Рядовой Хаузе поперхнулся хлебом и мучительно закашлялся, уронив на землю широко плеснувшую парным веером кофе жестяную кружку. Витц карабкался по склону каменной горки к пулемету, забыв о тряпочке с аккуратно разложенным завтраком, на ходу одновременно пытаясь зачем-то застегнуть тугой ворот и справиться с неподатливым затвором «маузера». Киршен наблюдал все это замерев, в одной руке держа кружку, а в другой — кусок ноздреватого хлеба, намазанного маргарином и синтетическим медом из коричневой баночки. Его карабин висел стволом вниз на плече.

Русские молча, с мокрым грохотом, поднимая фонтаны брызг, слитно прыгнули в воду и споро выбежали на пологий песчаный берег, оставляя на нем цепочки глубоких следов и полосы льющей с них воды. Сколько их? Двадцать? Тридцать? Пятьдесят?
Окутавшись облаками пряно и горело пахнущего сизого бензинового дыма, русские катера взревели до того заглушенными моторами и дали задний ход, чтобы не сесть на брюхо в отливающей воде, взбили винтами белую пену, напоследок вспоров как картонную коробку несколькими точными выстрелами крышу казармы….

Рядовые завтракали прямо на посту и утро не предвещало ничего, совсем ничего плохого. Начинался отлив и клочок земли, на котором они служили, с рокотом разрастался на это время почти вдвое, за счет пологого илистого дна с редко расставленными валунами.

…Киршен, сильно припадая на короткую ногу — а что вы хотите, нынче гребут всех подряд, 728-й запасной пехотный полк резерва будьте любезны — побежал к висящему на столбе рельсу, ударить в него, как при воздушном налете. Какой-то русский в сером от насевшей на нем утренней влаги бушлате на бегу выкинул вперед ногу, одновременно подгибая вторую, словно собирался плясать вприсядку, уперся на колено, влип глазницей в потертый окуляр короткой винтовки с сухим хлестким хлопком клюнул Киршена пулей точно между сведенных страхом лопаток.

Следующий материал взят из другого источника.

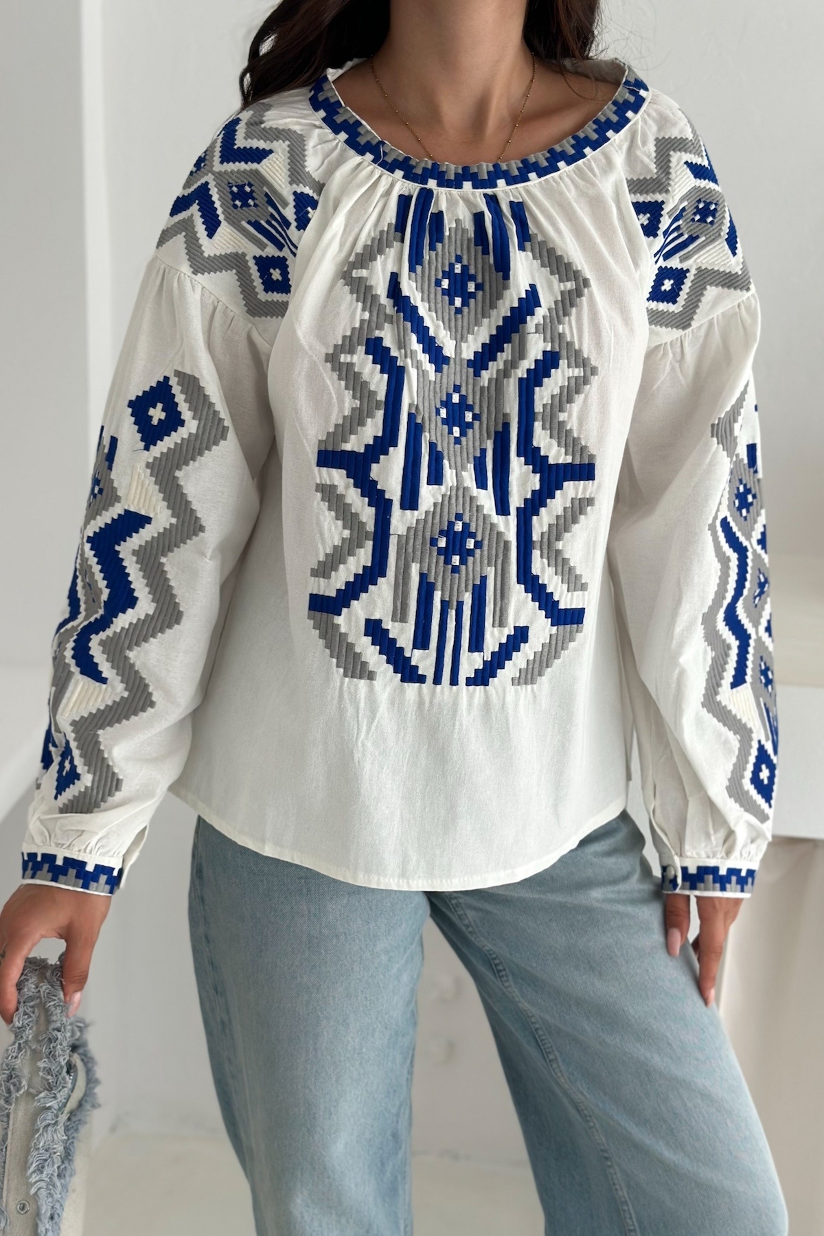 Kadın Beyaz Yakası Bağlamalı Nakış İşlemeli Tasarım Bluz Kadın Beyaz Yakası Bağlamalı Nakış İşlemeli Tasarım Bluz 5254 L

Вместе со вторым хлопком разлетелся затылок Витца — это было все, что Киршен успел заметить на этом свете, прежде чем захлебнулся хрипло и пенно бурлящей в легких собственной кровью.

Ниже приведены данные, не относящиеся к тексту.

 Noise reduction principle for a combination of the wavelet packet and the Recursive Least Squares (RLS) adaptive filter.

Хаузе, выплюнув наконец застрявший в горле кусочек хлеба, бросил карабин на землю и задрал руки. Ему с язвой желудка хватало своих неприятностей, своей дырки в брюхе, чтобы заработать еще одну. Из продырявленной казармы в облаках дыма и известковой пыли начали выбегать зенитчики. Один, здоровенный рыжий баварец Гюнтер с разбега замахнулся на русского прикладом, но то ловко вывернулся из-под удара и словно оса жалом пырнул, его, не останавливая бега, блестящим коротким клинком в печень. Гюнтер согнулся и завалился на бок. Второго — фрисландца Макса — раздергала слитная очередь  нескольких автоматов.

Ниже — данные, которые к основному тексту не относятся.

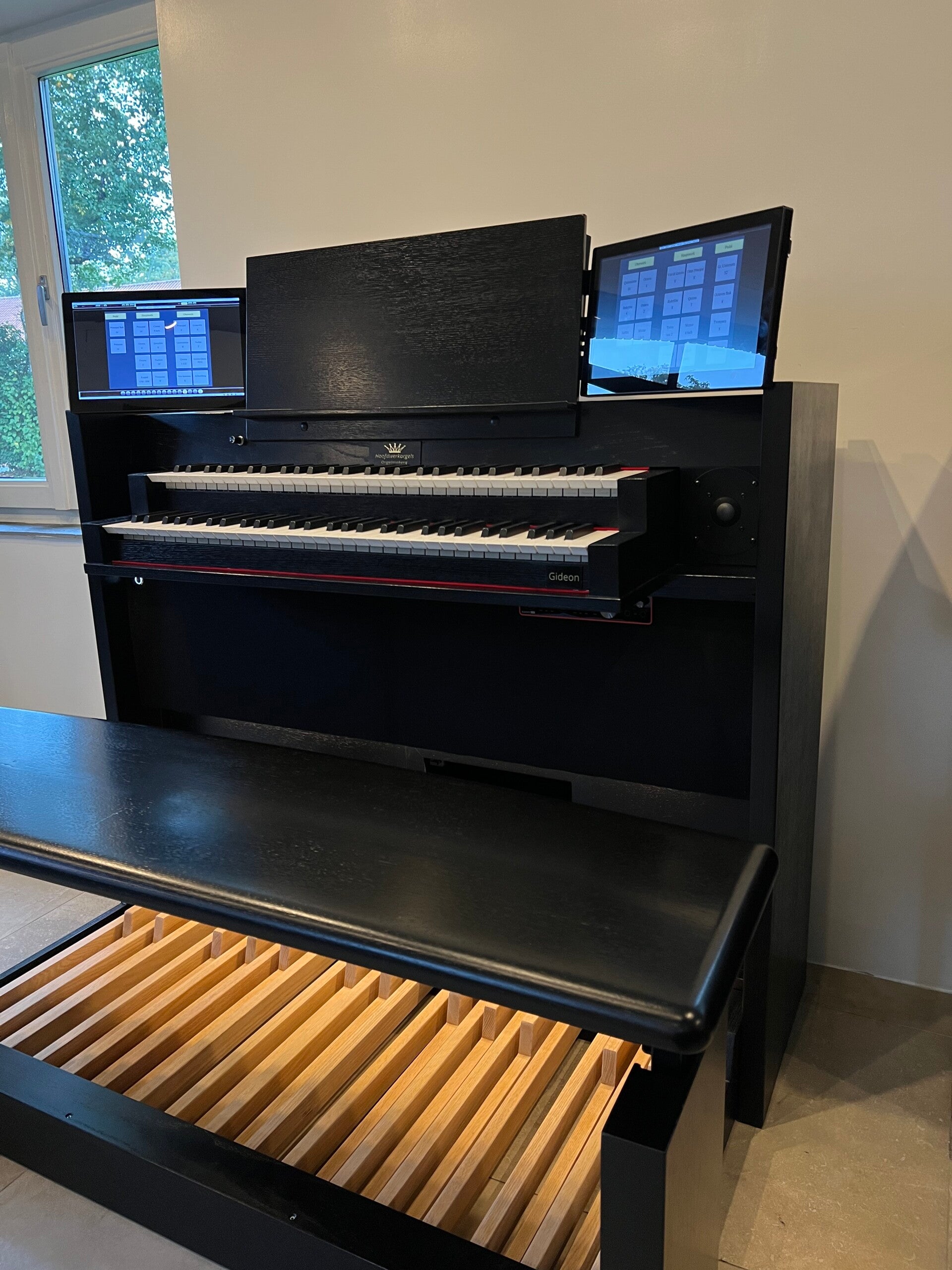 Hoofdwerkorgels Gideon doet zijn naam eer aan, het is een compact model wat in vrijwel iedere huiskamer past.

С плеском вылетело стекло, из окна мокрой тряпкой шлепнул одинокий выстрел. Русский, подбегавший со стороны пляжа, кувырком полетел на землю. Атакующие все так же молча швырнули в дверь и окна казармы несколько гранат. Из окон бухнуло дымом и пылью, всхлипнув, полетели водопадом оставшиеся стекла. Как аршин проглотив, навытяжку, выпал из двери еще один солдат. Больше из длинного, в пять окон, строения не выбежал и не выполз никто. На Хаузе, торчащего с задранными руками, внимания обращали не более чем на фонарный столб.

Вот рысью подбежали еще несколько русских. Они шли плотной группой, держа наперевес немецкие пулеметы, рассыпались и залегли по углам, взяв под прицел весь небольшой плац. Теперь, по прикидкам Хаузе, вся надежда была только на троих связистов, интендантов, команду пирса и половинный взвод латышей из СС.

Со стороны редких кустов, закрывавших дорогу к пристани, послышались ругань и треск. С задранными руками вышла команда пирса, которую подгоняли дулами автоматов русские. На шеях у русских висели отобранные немецкие карабины.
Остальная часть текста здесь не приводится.